Dr. Barratt verweist auf einen Dark-Web-Marktplatz, der vor einigen Jahren eine Authentifizierung mit mehreren Unterschriften eingeführt hat, um Käufer und Verkäufer vor dem so genannten “Exit-Scam” zu schützen, bei dem sich der Administrator der Website mit dem Geld der Kunden aus dem Staub macht, und um das Vertrauen der Verbraucher zu gewinnen. Andere Betreiber sind sogar noch weiter gegangen und nutzen Social-Media-Apps und Chatrooms, um neue Kanäle für den illegalen Handel zu schaffen: wie Televend, das vollautomatische System, mit dem Nutzer über die verschlüsselte Messaging-App Telegram Drogen von Bots kaufen können.

Darknet Onionmarkt

“Was passiert, ist, dass jeder innovativ ist: Die Leute, die Drogen im Darknet verkaufen, und die Leute, die diese neuen Anwendungen entwickeln, versuchen herauszufinden, was die Probleme sind, die dazu führen, dass die Leute ihre spezielle Plattform nicht nutzen”, erklärt Dr. Barratt. “Vielleicht ist es einfach ein bisschen zu schwierig, ins Darknet zu gehen, aber die Leute benutzen gerne Messaging-Apps. Televend ist also so etwas wie eine Kreuzung zwischen dem Kauf von Social-Media-Apps und dem Darknet. Und ich bin einfach fasziniert davon, ob die Zukunft des Darknets vielleicht eine andere hybride Sache ist, die gerade erst begonnen hat.”

Dieser Trend wird sich wahrscheinlich fortsetzen, da die Online-Marktplätze immer ausgefeilter werden und immer mehr Menschen ihre illegalen Produkte über den elektronischen Handel beziehen.
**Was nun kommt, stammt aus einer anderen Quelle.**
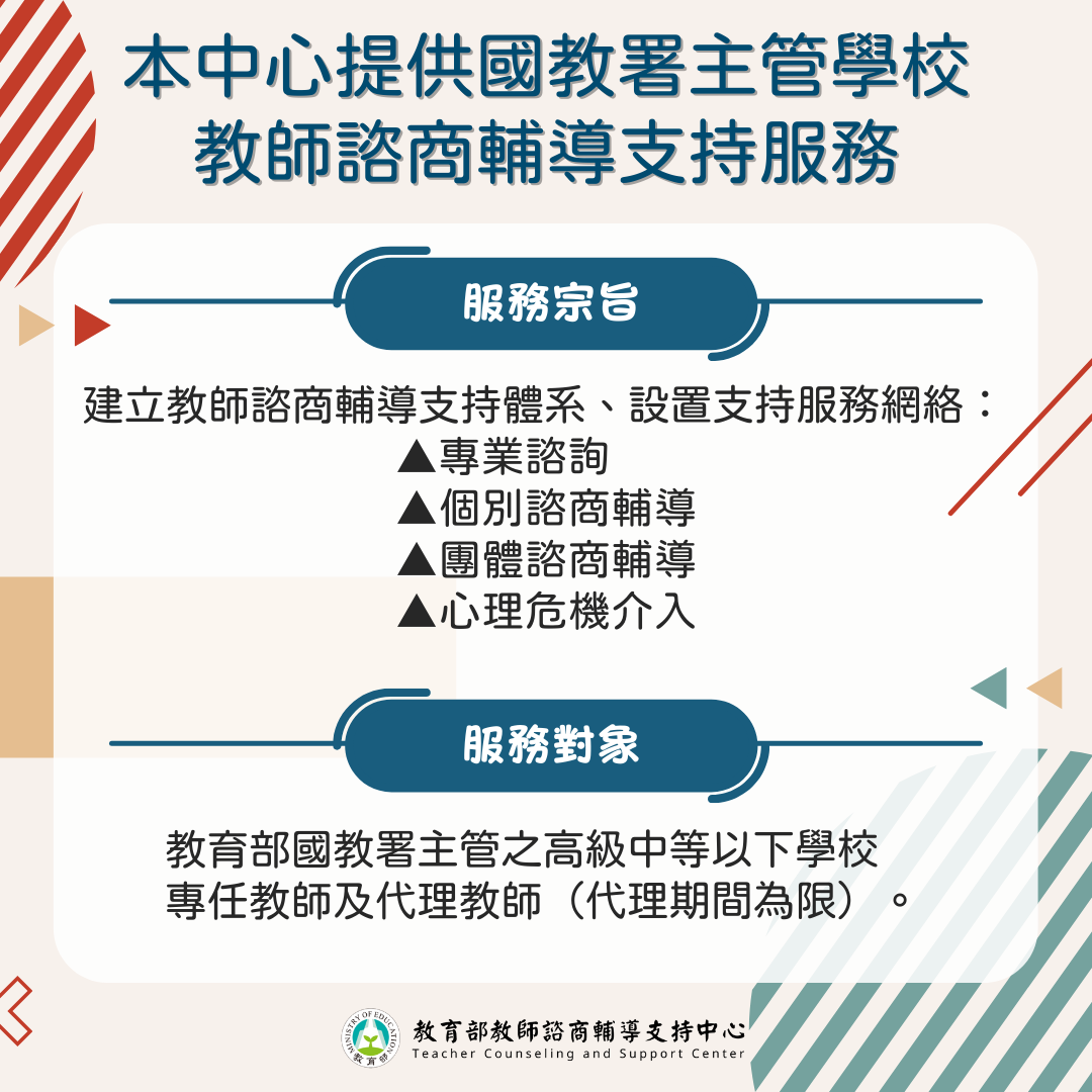 一、中心服務宗旨:「提供國教署主管學校教師諮商輔導支持服務。」
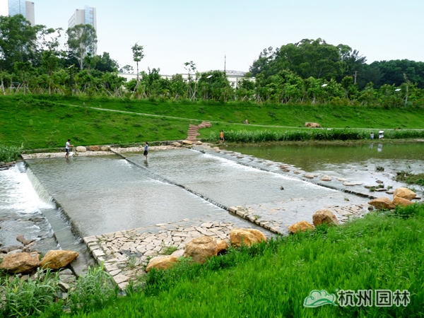 該工程位于深圳市羅湖區(qū)東部深圳水庫壩下,起點(diǎn)為東湖公園翻板閘消力池出口,終點(diǎn)為深圳河三汊河口,整治長度約2.5公里,施工內(nèi)容包括河岸護(hù)坡、景觀園建、綠化種植、給水和電氣、截污管及過河管道等。工程以“生態(tài)治理河流”為景觀設(shè)計主題,打造出一條生態(tài)修復(fù)與園林美景兼具的多彩濱河景觀長廊。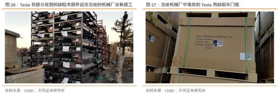 厂外对于零部件供应商的过分压榨,包括Tesla零部件的定制化需求导致很多供应商难以经济化量产,也导致产品部件的缺陷率要高出行业规范。此前CNBC援引Tesla工程师称Fremont工厂生产收到的零件中有40%需要返工,而Musk也归咎部分第三方供应商数量失控,并预计进行重组整顿来减少不合格供应商。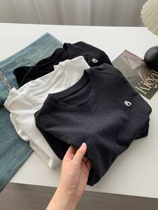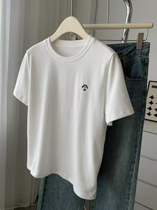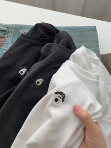 糯叽叽云朵绒小狗刺绣韩版T恤女早秋款磨毛感圆领正肩短袖打底衫

Doch diese schöne neue Welt des Darknet-Drogenhandels birgt viele Fallstricke und Tücken.

Eine nicht überraschende Folge ist, dass sie den Verbrauchern einen noch nie dagewesenen Zugang zu illegalen – und oft geheimnisvollen – Substanzen ermöglicht. Jedes Jahr geben etwa ein Viertel bis ein Drittel der GDS-Befragten an, dass sie seit der Nutzung des Darknets eine größere Bandbreite an Drogen konsumiert haben. Die Breite des Produktangebots im Darknet in Verbindung mit der relativ niedrigen Einstiegshürde schafft Einfallstore für neuartiges Drogenkonsumverhalten, bei dem Menschen neue Substanzen ausprobieren, nur weil sie ihnen plötzlich zur Verfügung gestellt werden.

Ein weiterer besorgniserregender Nebeneffekt ist jedoch, dass Menschen, die Drogen im Darknet kaufen und nicht über einen Kontakt oder einen Freund, diese Drogen möglicherweise allein konsumieren.

Aus diesem Grund rief Dr. Barratt die Nutzer des Darknets dazu auf, Vorsicht walten zu lassen – und, wo immer möglich, jemandem mitzuteilen, was sie konsumieren werden und wann und wo.

Drogen im Darknet online kaufen

“Es kann sein, dass die gesamte Erfahrung einer Person mit dem Drogenkonsum im Darknet begonnen hat und sich tatsächlich auf das Darknet beschränkt”, erklärte sie. “Das Risiko besteht darin, dass sie allein konsumieren. Deshalb sollte man sicherstellen, dass, wenn man zum ersten Mal etwas nimmt, auch wenn man allein ist, jemand da draußen weiß, dass man das tun wird, und dass jemand da draußen eine ‘Check-in mit mir in einer Stunde’ hat und deine Daten kennt.

“Das ist natürlich schwierig, denn dieses Zeug ist meist illegal und viele Leute machen ein Geheimnis aus dem, was sie tun. Aber die Sorge wäre, dass jemand etwas kauft, vielleicht die falsche Dosis oder die falsche Droge nimmt oder eine schlechte Zeit hat und nicht unbedingt jemanden dabei hat.”